A PyTorch model designed to predict the risk of heart disease based on a combination of symptoms, lifestyle factors, and medical history from 70,000+ data samples.
The model achieves approximately 99.27% accuracy on test data.

[Download the model here](heart_disease_classifier_model.pth)
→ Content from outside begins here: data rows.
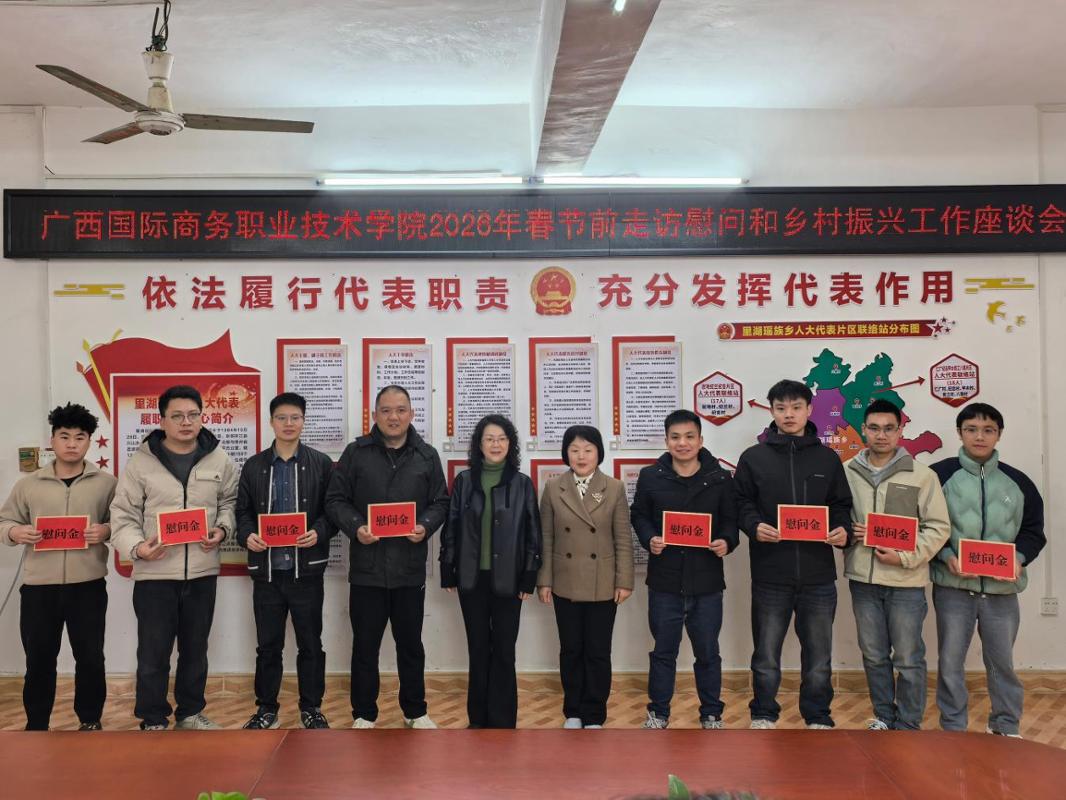 刘杰英表示,学校选派驻村干部的成长有赖于县、乡党委政府的关心、照顾和培养,在“十五五”开局之年,校地双方应持续加强双向合作,共建互助。学校将充分发挥职教特色专业优势,用好乡村振兴学院培育平台,继续深化非遗文旅项目、村集体经济项目、农村金融领域项目、干部能力培训项目等合作,驻村工作队要积极发扬党建引领精神,与村“两委”共同为群众排忧解难,持续促进各帮扶村产业发展和消费帮扶,助推乡村振兴各项工作成效全面提升。会后,刘杰英代表学校党委对7名驻村工作队员进行春节前慰问,并前往甲木村、怀里村和瑶里村走访慰问帮扶对象代表。
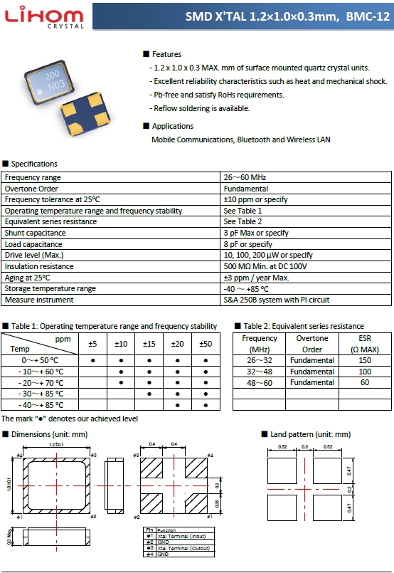 Lihom晶體,Lihom Crystal,BMC-12石英振動子.小型表面貼片型貼片晶振,較適合使用在數碼家電領域中,也是特別要求高可靠性的引擎控制用CPU的時鐘部分.低頻晶振可從26MHz起對應,小型,薄型具備強防焊裂性,
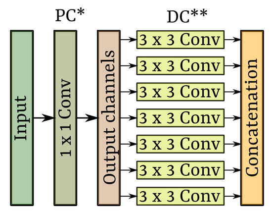 Therefore, an Xception module, similar to the Inception module, first executes PC to map cross-channel correlations and then maps the spatial correlation of each output channel through DC. Nonetheless, the Xception module integrates a single convolution as PC. To better visualize this concept, a module of the Xception network is shown in Figure 9. Additionally, similar to DSC, Xception does not include any activation functions among PC and DC. The idea of Xception is to reduce computational cost and preserve the number of parameters, like in Inception.

[Kaggle Dataset link](https://www.kaggle.com/datasets/mahatiratusher/heart-disease-risk-prediction-dataset)

## Overview

This project uses PyTorch to build a neural network classifier for heart disease risk prediction. The model analyzes several medical predictor variables to determine if a patient is at risk of heart disease.

## Dataset

The dataset contains medical predictor variables from the heart_disease_risk_dataset_earlymed.csv file.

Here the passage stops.